Brief: Reproduce the listing that follows character for character, excluding its pictures.

Data block:

§ §

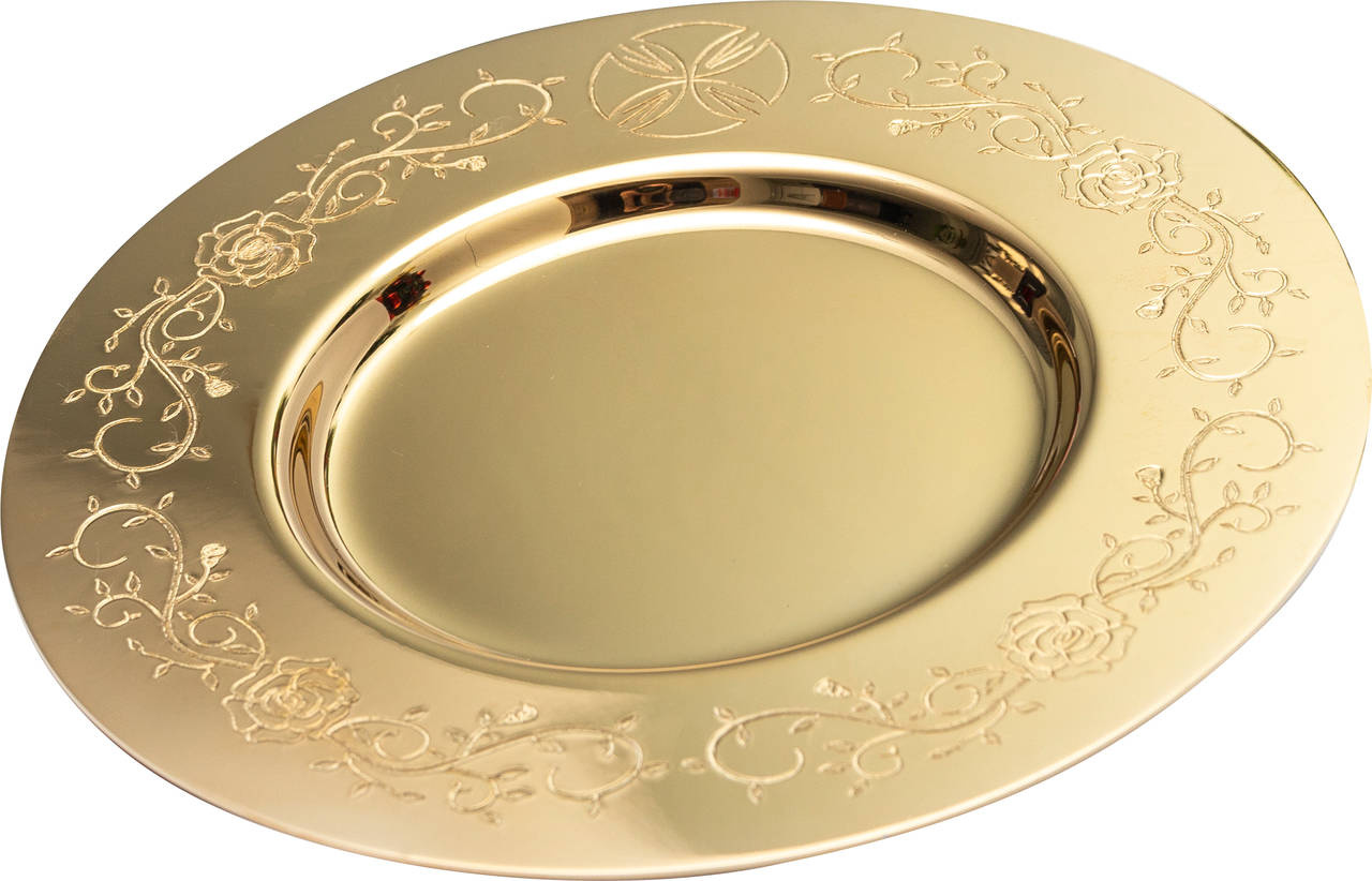 Patena kielichowa z przetłoczeniem na czasze. rączką wykonana polerowanego mosiądzu, grawerowana. Powierzchnia pateny jest złocona, co nadaje jej dodatkowo blasku.
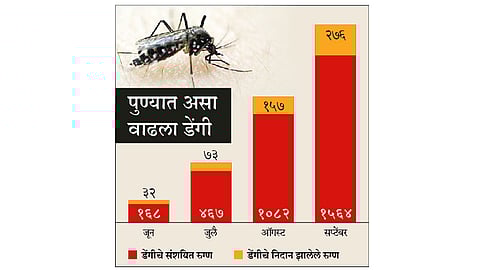 शहरात जानेवारी ते सप्टेंबर या कालावधीत डेंगीच्या तीन हजार ४९० संशयित रुग्णांची नोंद झाली आहे. त्यापैकी जून ते सप्टेंबर या कालावधीत तीन हजार २८१ डेंगीचे संशयित रुग्ण आढळले आहेत.
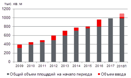 До конца 2018 года заявлен ввод еще 77 тыс. кв. м в двух торговых центрах, а именно: ТЦ «Смарт Плаза Политех» (15 тыс. кв. м), открытый в начале 2-го квартала, и ТРЦ River Mall (62 тыс. кв. м). Несмотря на запуск новых объектов, в 2018 году ожидается незначительное уменьшение вакантности вследствие недостатка торговых площадей на фоне высокого спроса. Так, в открытых в 1-м квартале торговых центрах практически отсутствуют свободные площади, хотя ряд магазинов пока не работают и завершают отделку.

§ §

Exercise output:
 Patena kielichowa z przetłoczeniem na czasze. rączką wykonana polerowanego mosiądzu, grawerowana. Powierzchnia pateny jest złocona, co nadaje jej dodatkowo blasku.
 शहरात जानेवारी ते सप्टेंबर या कालावधीत डेंगीच्या तीन हजार ४९० संशयित रुग्णांची नोंद झाली आहे. त्यापैकी जून ते सप्टेंबर या कालावधीत तीन हजार २८१ डेंगीचे संशयित रुग्ण आढळले आहेत.
 До конца 2018 года заявлен ввод еще 77 тыс. кв. м в двух торговых центрах, а именно: ТЦ «Смарт Плаза Политех» (15 тыс. кв. м), открытый в начале 2-го квартала, и ТРЦ River Mall (62 тыс. кв. м). Несмотря на запуск новых объектов, в 2018 году ожидается незначительное уменьшение вакантности вследствие недостатка торговых площадей на фоне высокого спроса. Так, в открытых в 1-м квартале торговых центрах практически отсутствуют свободные площади, хотя ряд магазинов пока не работают и завершают отделку.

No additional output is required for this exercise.